YOUR OBJECTIVE: Transcribe all data verbatim. Skip the pictures.

------ INPUT RECORDS

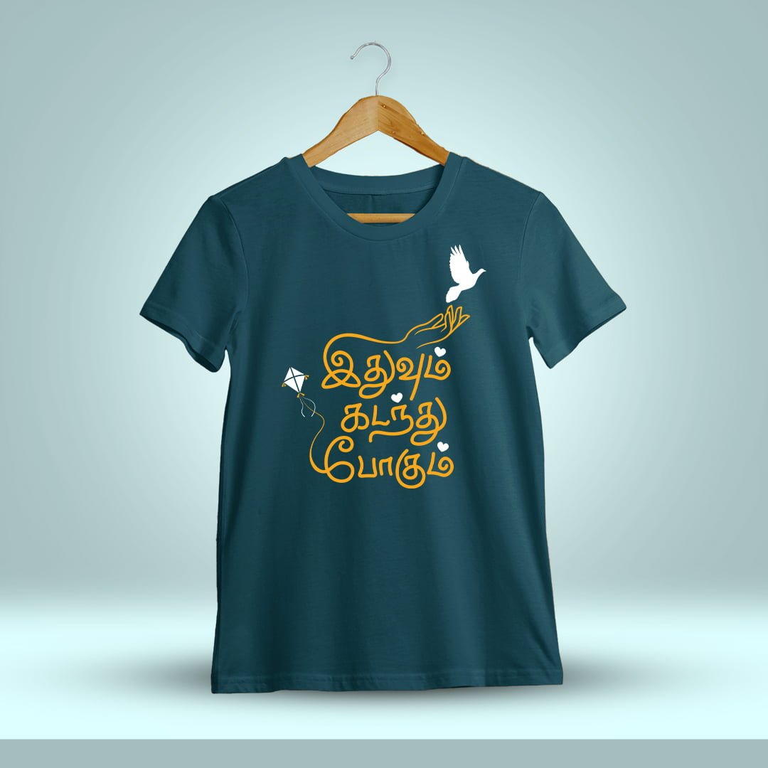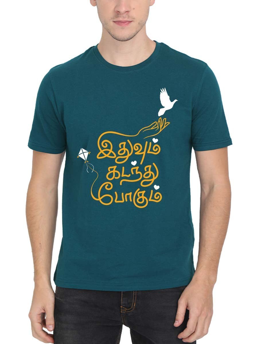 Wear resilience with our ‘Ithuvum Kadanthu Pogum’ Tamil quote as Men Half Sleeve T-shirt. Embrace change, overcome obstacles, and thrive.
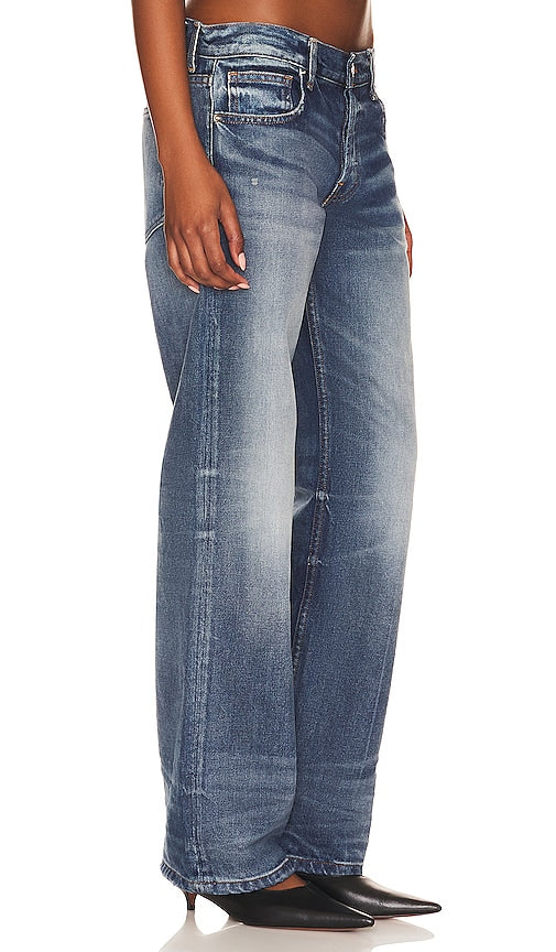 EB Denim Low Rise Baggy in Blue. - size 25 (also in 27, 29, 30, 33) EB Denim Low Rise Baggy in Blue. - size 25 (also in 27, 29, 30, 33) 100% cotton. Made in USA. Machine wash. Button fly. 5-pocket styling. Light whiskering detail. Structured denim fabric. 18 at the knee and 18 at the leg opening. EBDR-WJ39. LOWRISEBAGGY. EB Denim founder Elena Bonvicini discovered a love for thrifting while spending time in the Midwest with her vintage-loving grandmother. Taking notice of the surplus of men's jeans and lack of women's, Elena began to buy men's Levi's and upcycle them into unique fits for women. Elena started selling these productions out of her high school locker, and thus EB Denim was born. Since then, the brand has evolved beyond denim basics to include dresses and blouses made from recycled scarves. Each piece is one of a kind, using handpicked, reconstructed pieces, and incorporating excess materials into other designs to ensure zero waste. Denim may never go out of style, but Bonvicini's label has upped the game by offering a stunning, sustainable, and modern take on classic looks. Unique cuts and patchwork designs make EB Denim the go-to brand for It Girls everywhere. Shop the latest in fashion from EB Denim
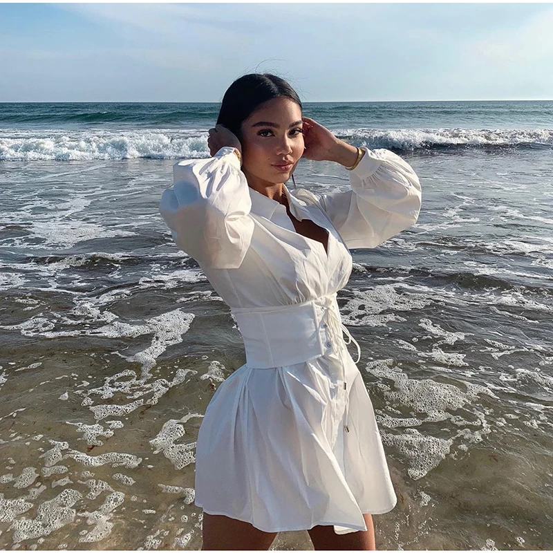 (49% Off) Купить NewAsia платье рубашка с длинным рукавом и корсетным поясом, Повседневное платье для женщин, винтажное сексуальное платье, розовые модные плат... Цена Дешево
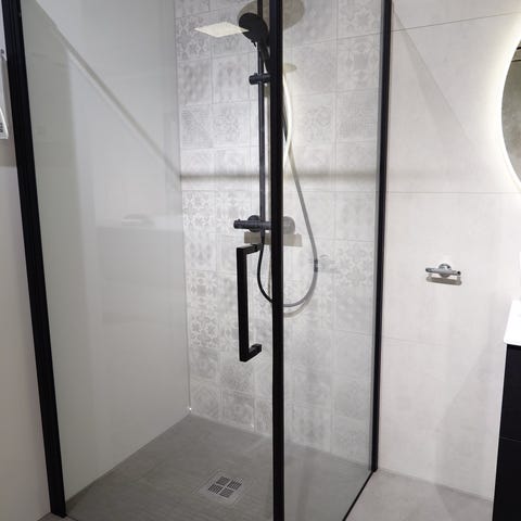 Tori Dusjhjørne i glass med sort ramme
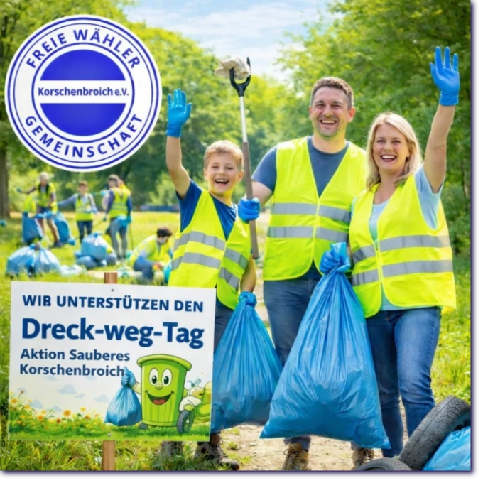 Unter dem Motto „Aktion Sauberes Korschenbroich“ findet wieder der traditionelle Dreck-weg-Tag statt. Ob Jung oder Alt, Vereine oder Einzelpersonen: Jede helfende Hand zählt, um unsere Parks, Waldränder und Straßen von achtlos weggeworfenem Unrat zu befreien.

------------

TASK RESPONSE:
 Wear resilience with our ‘Ithuvum Kadanthu Pogum’ Tamil quote as Men Half Sleeve T-shirt. Embrace change, overcome obstacles, and thrive.
 EB Denim Low Rise Baggy in Blue. - size 25 (also in 27, 29, 30, 33) EB Denim Low Rise Baggy in Blue. - size 25 (also in 27, 29, 30, 33) 100% cotton. Made in USA. Machine wash. Button fly. 5-pocket styling. Light whiskering detail. Structured denim fabric. 18 at the knee and 18 at the leg opening. EBDR-WJ39. LOWRISEBAGGY. EB Denim founder Elena Bonvicini discovered a love for thrifting while spending time in the Midwest with her vintage-loving grandmother. Taking notice of the surplus of men's jeans and lack of women's, Elena began to buy men's Levi's and upcycle them into unique fits for women. Elena started selling these productions out of her high school locker, and thus EB Denim was born. Since then, the brand has evolved beyond denim basics to include dresses and blouses made from recycled scarves. Each piece is one of a kind, using handpicked, reconstructed pieces, and incorporating excess materials into other designs to ensure zero waste. Denim may never go out of style, but Bonvicini's label has upped the game by offering a stunning, sustainable, and modern take on classic looks. Unique cuts and patchwork designs make EB Denim the go-to brand for It Girls everywhere. Shop the latest in fashion from EB Denim
 (49% Off) Купить NewAsia платье рубашка с длинным рукавом и корсетным поясом, Повседневное платье для женщин, винтажное сексуальное платье, розовые модные плат... Цена Дешево
 Tori Dusjhjørne i glass med sort ramme
 Unter dem Motto „Aktion Sauberes Korschenbroich“ findet wieder der traditionelle Dreck-weg-Tag statt. Ob Jung oder Alt, Vereine oder Einzelpersonen: Jede helfende Hand zählt, um unsere Parks, Waldränder und Straßen von achtlos weggeworfenem Unrat zu befreien.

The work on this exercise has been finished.